SOURCE DATA section start

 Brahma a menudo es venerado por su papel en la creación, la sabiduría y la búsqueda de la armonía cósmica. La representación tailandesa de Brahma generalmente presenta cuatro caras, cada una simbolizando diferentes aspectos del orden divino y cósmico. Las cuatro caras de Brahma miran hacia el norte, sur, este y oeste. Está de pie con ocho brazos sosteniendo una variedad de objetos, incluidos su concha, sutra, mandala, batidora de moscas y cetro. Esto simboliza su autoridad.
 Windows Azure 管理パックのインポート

SOURCE DATA section end
SOURCE DATA section start

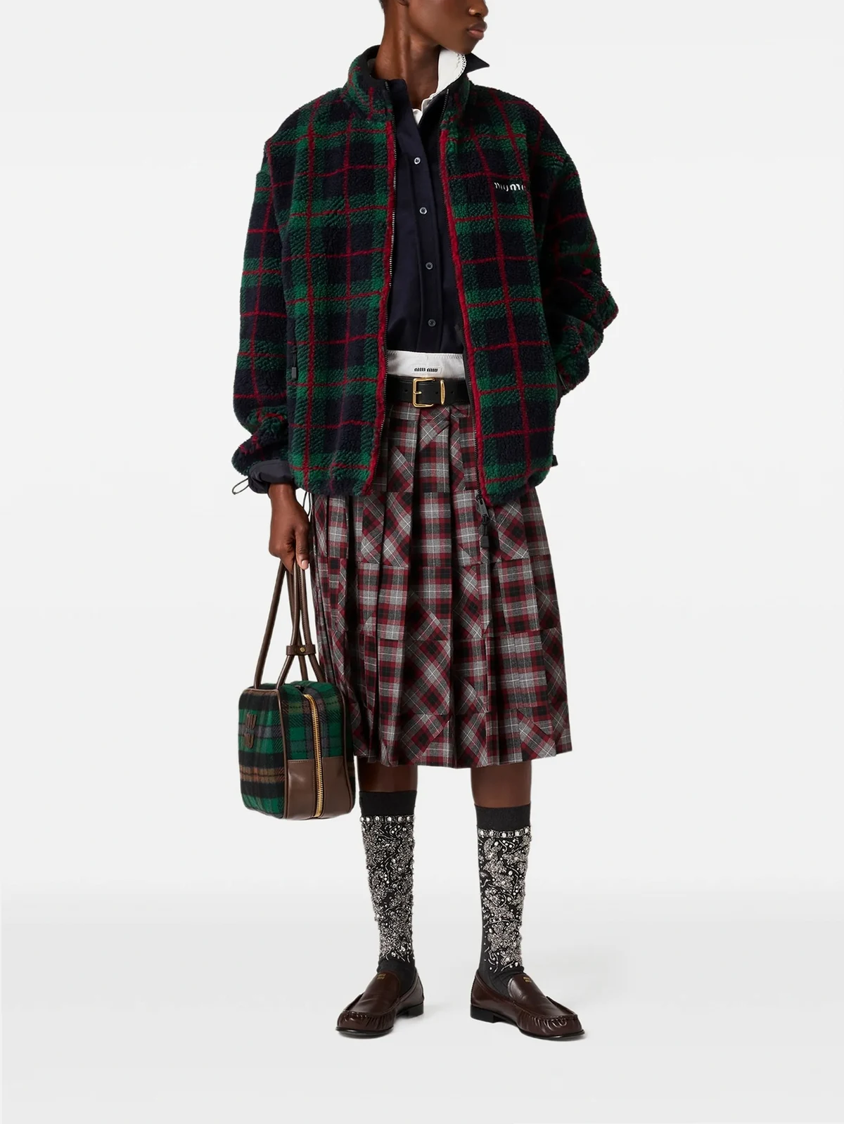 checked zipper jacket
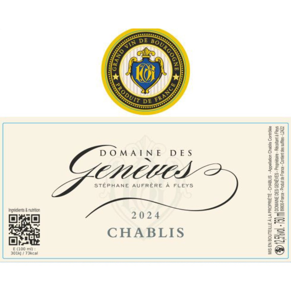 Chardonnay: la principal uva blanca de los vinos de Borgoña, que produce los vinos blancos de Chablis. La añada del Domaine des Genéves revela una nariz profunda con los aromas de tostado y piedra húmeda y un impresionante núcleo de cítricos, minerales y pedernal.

SOURCE DATA section end
SOURCE DATA section start

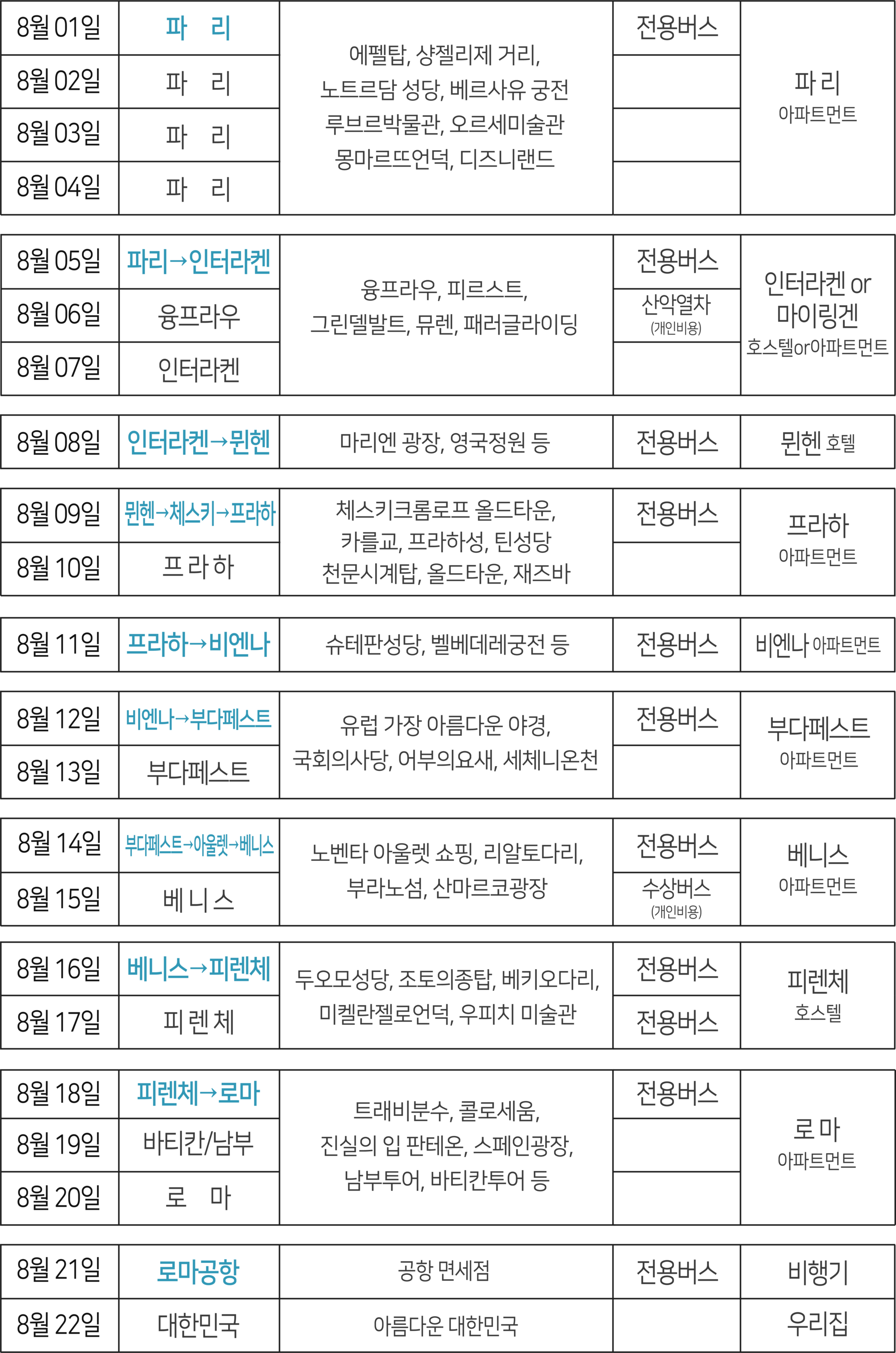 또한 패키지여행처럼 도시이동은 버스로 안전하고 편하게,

SOURCE DATA section end

= ASSIGNMENT =
The lines above starting at the one that contains "Brahma a menudo" and ending at the one that contains "Windows Azure 管理パックのインポート" must be transcribed exactly, and no other lines may appear.

= TASK SOLUTION =
 Brahma a menudo es venerado por su papel en la creación, la sabiduría y la búsqueda de la armonía cósmica. La representación tailandesa de Brahma generalmente presenta cuatro caras, cada una simbolizando diferentes aspectos del orden divino y cósmico. Las cuatro caras de Brahma miran hacia el norte, sur, este y oeste. Está de pie con ocho brazos sosteniendo una variedad de objetos, incluidos su concha, sutra, mandala, batidora de moscas y cetro. Esto simboliza su autoridad.
 Windows Azure 管理パックのインポート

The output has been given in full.